Time Limit: 2 Seconds
Memory Limit: 65536 KB

Painting some colored segments on a line, some previusly painted segments may be covered by some of the subsequent ones.

Your task is counting the segments of different colors you can see at last.

Input

The first line of each data set contains exactly one integer n, 1 <= n <= 8000, equal to the number of colored segments.

Each of the following n lines consists of exactly 3 nonnegative integers separated by single spaces:

X1 x2 c

X1 and x2 indicate the left endpoint and right endpoint of the segment, c indicates the color of the segment.

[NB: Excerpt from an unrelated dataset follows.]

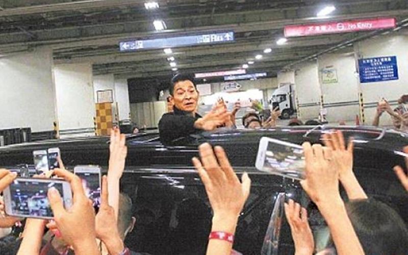 刘德华从座车天窗探出头指挥交通,并向粉丝道别。(互联网)

All the numbers are in the range [0, 8000], and they are all integers.

Input may contain several data set, process to the end of file.

Output

Each line of the output shoshould contain a color index that can be seen from the top, following the count of the segments of this color, they shocould be printed according to the color index.

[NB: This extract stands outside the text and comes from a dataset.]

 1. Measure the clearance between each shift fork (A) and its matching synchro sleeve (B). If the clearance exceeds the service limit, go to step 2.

If some color can't be seen, you shouldn't print it.

Print a blank line after every dataset.

Sample Input

5
0 4 4
0 3 1
3 4 2
0 2 2
0 2 3
4
0 1 1
3 4 1
1 3 2
1 3 1
6
0 1 0
1 2 1
2 3 1
1 2 0
2 3 0
1 2 1

Sample Output

1 1
2 1
3 1

1 1

0 2
1 1

 

Code:

 

The meaning of the question is wrong... I thought it was the number of the same colors for each small segment...

It turns out that if two segments of the same color are adjacent, a segment will be merged...

Dizzy, I thought the sample output gave an error.

Attach the idiot code for future reference!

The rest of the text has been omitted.